I am looking for a flash that i can use off camera. I have been looking at the speedlights but i don't know which one to get. From what i read about the nikon d3000 the external flashes can not be wireless or used by a remote?? Please i need help.


----------



## Whootsinator (Sep 30, 2010)

I'm no expert in flashes, and haven't even used one. Take that into consideration.

I believe any Nikon flash will work with your Nikon D3000 (it's what I shoot as well ). It does not, however, have a flash commander built in. Any flash mounted to your camera via the hotshoe mount should work fine (any Nikon compatible, I should say). However, without the flash commander you won't be able to trigger flashes that are not attached via the hotshoe. 

If you get a light that doubles as a commander (such as the SB-900), THAT light can trigger other flashes, as long as the commander flash is mounted. I would recommend an SB-600 or SB-700 for you, as long as you don't need the ability to trigger those other flashes. The SB-900 costs over $500, so if you DO need the flash+commander combo it will get pricey. The SB-600 is ~$200, though I expect it to fall with the recent introduction of the SB-700.


----------



## Bram (Oct 1, 2010)

Good point above. I recommend the SB600 as well I have it and it works fantastic. Another thing I didn't see mentioned is a wired trigger. You mount the trigger to your hotshoe, and the cord runs from your camera to your flash mounted somewhere else as long as your cord can each it. Also if you're going to get into portrature and want a studio you're going to get the SB900 at some point so.


----------



## Destin (Oct 1, 2010)

You can also get the yonguo flash triggers on ebay for a reasonable cost. 
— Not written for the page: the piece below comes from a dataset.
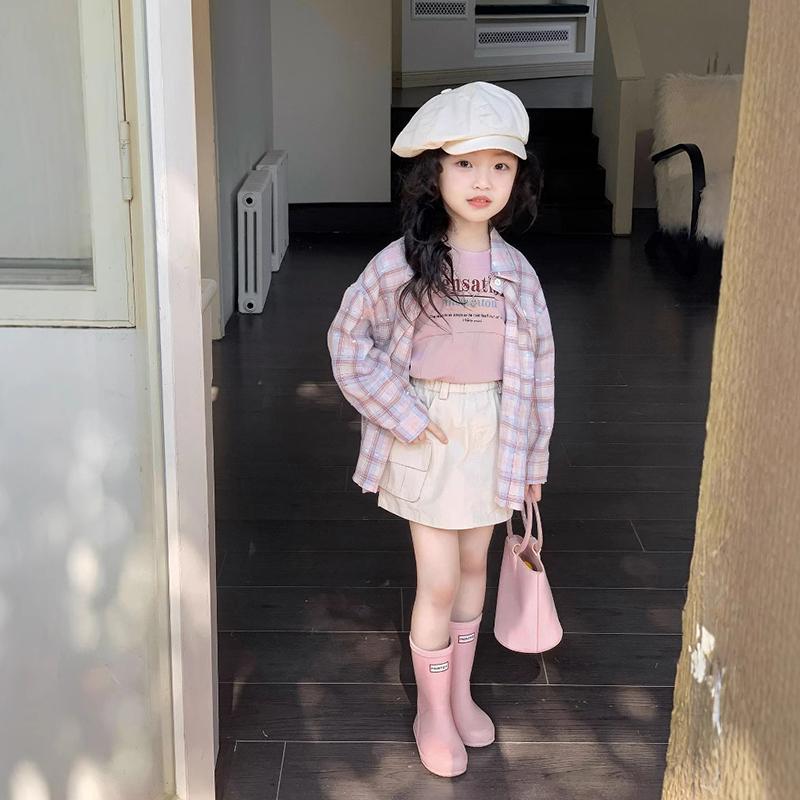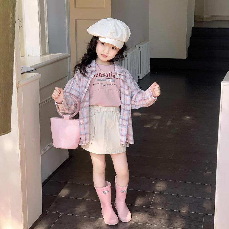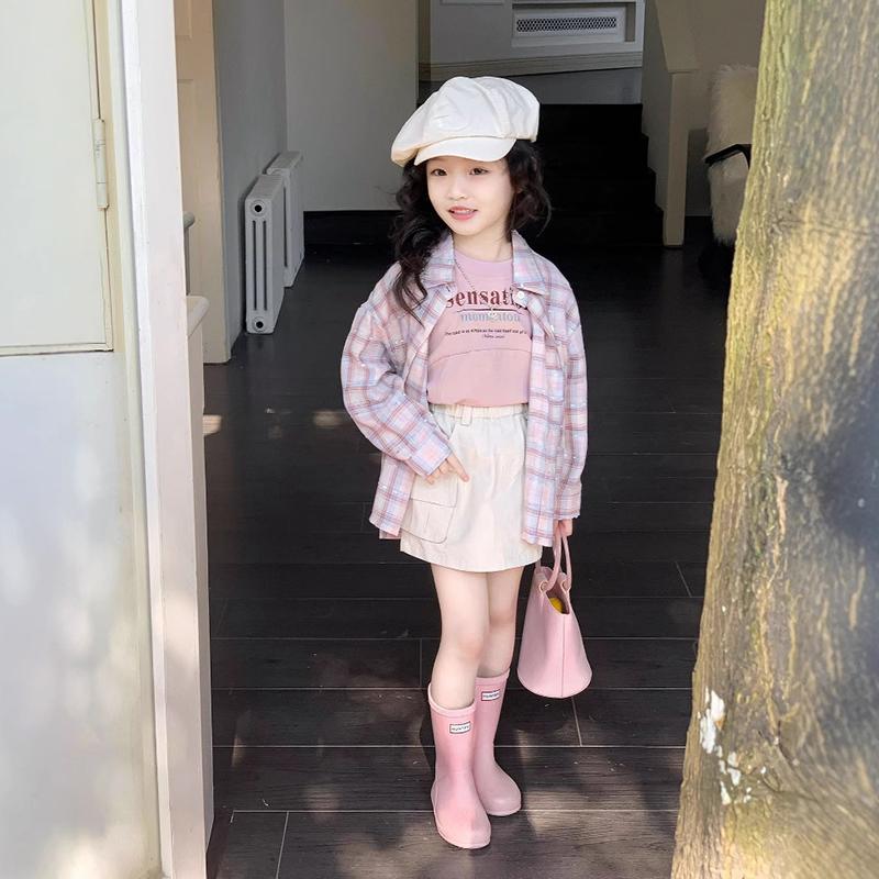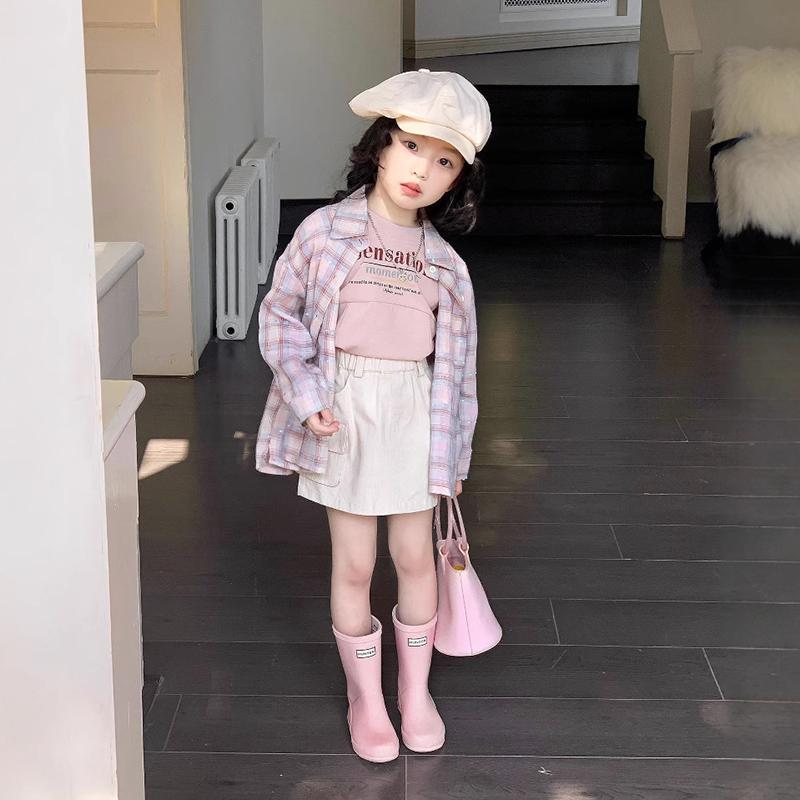 女童格子衬衫秋装新款儿童宽松上衣长袖衬衣洋气百搭背心工装裙裤
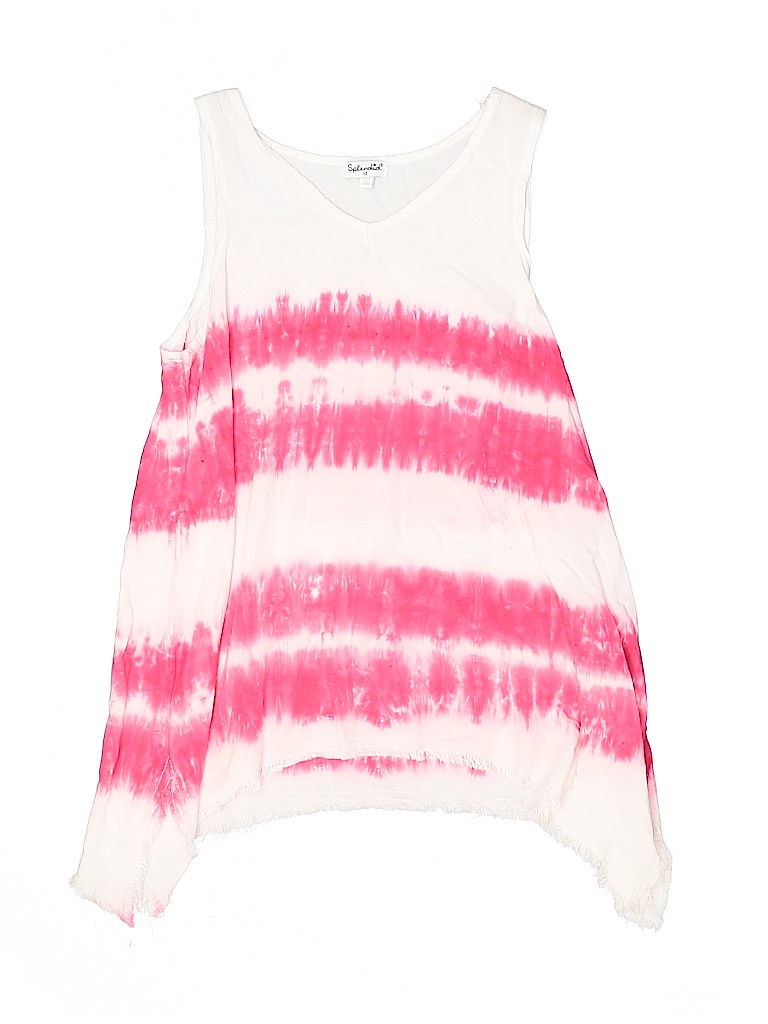 - Sleeveless, v-neckline, tie-dye print, pink

eBay - New & used electronics, cars, apparel, collectibles, sporting goods & more at low prices

^that link is the seller I got them from, they made it from china to my house in 10 days. Highly reccomend this seller.

Ive got 2 of the transmitters and 4 recievers. They work great within about 50 feet. Anything longer and you need pocket wizards, which are about $250 (per unit, so it would be $1500 to get the same setup as ive got, and mine cost me $75. 

I use mine with a nikon d40, sb-600 flash unit (which is great btw), and two old achiever 632 film flashes. 

Not the best setup as it is fulll manual flash control when used off camera, but it gets the job done for portrait work and occasional playing with other strobist stuff.


----------



## Village Idiot (Oct 1, 2010)

You should buy speedotrons. Brown lines can be found cheaply on e-bay and their far superior to anything. EvAr!


----------



## ghache (Oct 1, 2010)

sb-600 ! 

youll love to have a powerfull flash in ittl that you can bounce. use bounce card, or any other small difuser.


----------



## Village Idiot (Oct 1, 2010)

Click It said:


> I am looking for a flash that i can use off camera. I have been looking at the speedlights but i don't know which one to get. From what i read about the nikon d3000 the external flashes can not be wireless or used by a remote?? Please i need help.


 
Usually if you 're using off camera lighting, you're going to want to to remain in manual mode anyways...


----------